In 30 anni di attività, Elio Collovà ha gestito molte aziende confiscate ai clan. Oggi ricostruisce quell'esperienza in un volume sui i limiti della normativa che spesso lascia fallire aziende potenzialmente sane se riportate nella legalità
“Ci sono varie criticità a livello normativo” spiega Collovà a ilfattoquotidiano.it, “una su tutte la mancata tutela dei terzi: dopo la confisca infatti vengono sospesi i pagamenti verso i creditori dell’azienda, con grave danno per la salute dell’economia”. Il problema principale, secondo l’amministratore giudiziario, è nella natura liquidatoria delle leggi che regolano la gestione dei beni: dopo la confisca in pratica lo Stato punta a svuotare le aziende confiscate ai boss. “Questo perché lo Stato rinuncia a priori a fare impresa e l’attività dell’amministratore giudiziario viene paragonata a quello del curatore fallimentare: invece l’attività giudiziaria dovrebbe continuare ad amministrare i beni, per garantire se non altro l’economia, restituendo alla collettività quanto sottratto dalle mafie, che era poi l’intento originario”.

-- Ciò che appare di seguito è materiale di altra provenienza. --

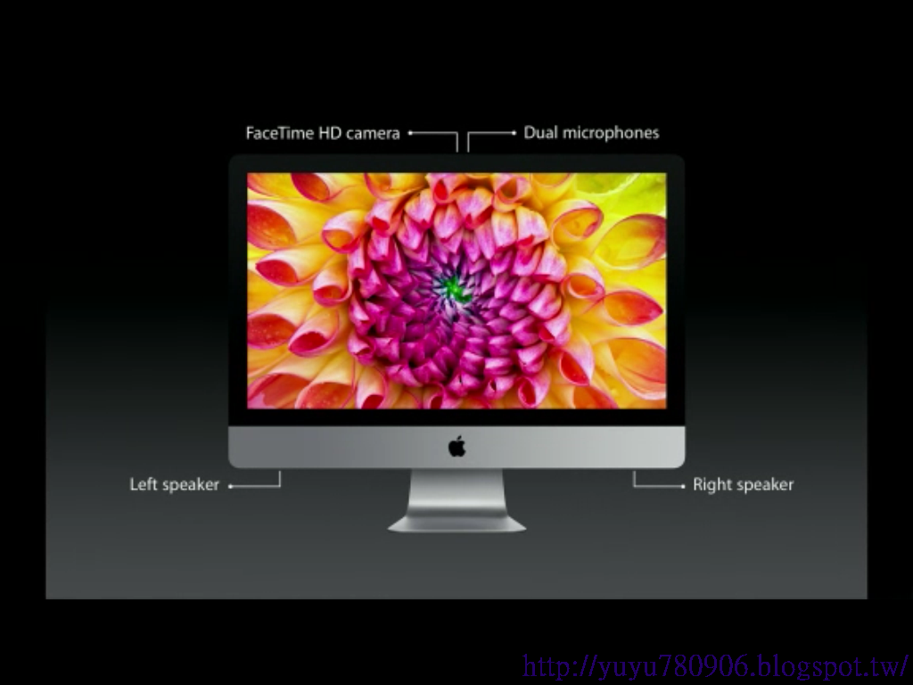 iMac 前方配置為 Facetime HD 視訊鏡頭、雙麥克風、左右喇叭。

“Con la mafia si lavora, con lo Stato no” gridavano negli anni 80 gli operai delle prime aziende confiscate ai boss: oggi, a sentire Collovà, la situazione non è poi tanto diversa. “È più o meno la stessa frase che mi è stata rivolta da un sindacalista appena due anni fa, quando ero stato nominato amministratore di una sala Bingo confiscata al boss Lo Piccolo”. Il commercialista fa una distinzione netta sulla natura delle aziende confiscate: da una parte ci sono quelle che non potrebbero stare sul mercato senza l’utilizzo di mezzi illegali. “Penso per esempio alla Central Gas che emetteva assegni post datati di due miliardi e mezzo, alla Calcestruzzi Mazzara del boss Mariano Agate o alla stessa Sala Bingo che fungeva soprattutto da lavatrice di denaro sporco: ovviamente dopo la confisca sono scomparse le persone che venivano a giocare ventimila euro in contanti tutti i giorni”.

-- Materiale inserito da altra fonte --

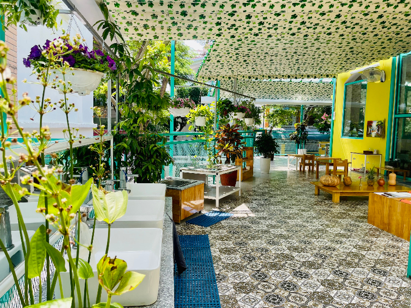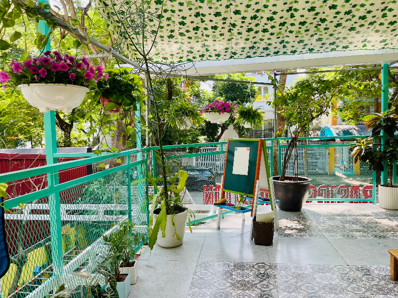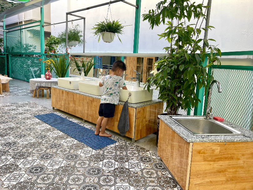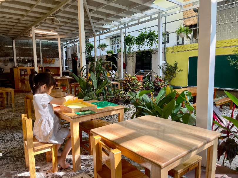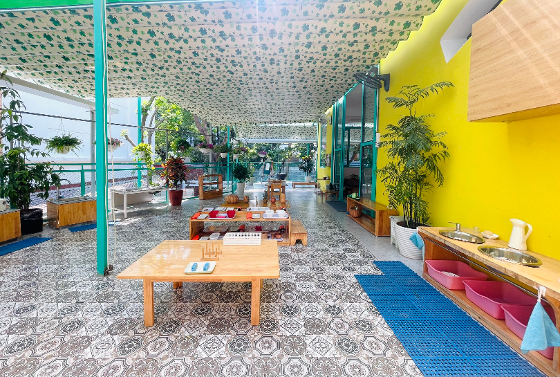 > Môi trường học tập thuận Tự nhiên với sân vườn và ánh nắng ngập tràn.

Dall’altra però ci sono anche le aziende che potrebbero continuare a produrre ricchezza. “È il caso delle aziende confiscate all’imprenditore Pietro Di Vincenzo: quando sono entrato nel 2006 mi sono ritrovato i dipendenti contro perché vedevano nell’amministratore giudiziario colui che avrebbe fatto scomparire l’azienda. Poi hanno capito che l’azienda, riportata nella legalità avrebbe continuato a lavorare: e in effetti potrebbero esserci enormi potenzialità di sviluppo, potenzialità che però non potranno essere sfruttate”. Il motivo è tutto da ricercare sul piano legislativo. “Paradossalmente – continua il professionista – era meglio con la vecchia legge, mentre oggi le norme non sono adeguate. Prendiamo l’Agenzia nazionale per i beni confiscati: poteva essere un’intuizione meravigliosa, se solo fosse stata strutturata secondo quelli che erano gli scopi iniziali, con norme adeguate su destinazione dei beni. Invece oggi l’agenzia non ha personale proprio, ma solo dipendenti distaccati da altri dipartimenti che quindi cambiano continuamente”.

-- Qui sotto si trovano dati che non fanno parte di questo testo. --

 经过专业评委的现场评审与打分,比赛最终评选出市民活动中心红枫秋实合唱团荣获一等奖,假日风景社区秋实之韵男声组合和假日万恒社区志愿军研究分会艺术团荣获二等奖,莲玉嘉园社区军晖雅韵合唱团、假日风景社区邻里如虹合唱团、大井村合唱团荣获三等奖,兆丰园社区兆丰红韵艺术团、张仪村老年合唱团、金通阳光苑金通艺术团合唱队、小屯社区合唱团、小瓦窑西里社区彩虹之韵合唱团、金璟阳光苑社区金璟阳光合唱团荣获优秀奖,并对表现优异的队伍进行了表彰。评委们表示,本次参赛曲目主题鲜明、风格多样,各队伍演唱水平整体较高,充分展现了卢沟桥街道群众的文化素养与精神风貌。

Negli ultimi dieci anni sono state diverse sono state le commissioni parlamentari che hanno preso in esame la materia della confisca. “I provvedimenti che creano strumenti efficaci però sono ben pochi: questo perché non vengono mai ascoltate le voci degli amministratori giudiziari che sono quelli che lavorano in prima linea”. Il bilancio tracciato dal libro di Collovà alla fine è grigio: “Non c’è la volontà politica di creare le risorse per combattere finanziariamente Cosa Nostra: se su dieci aziende confiscate, nove falliscono, che segnale lancia lo Stato?”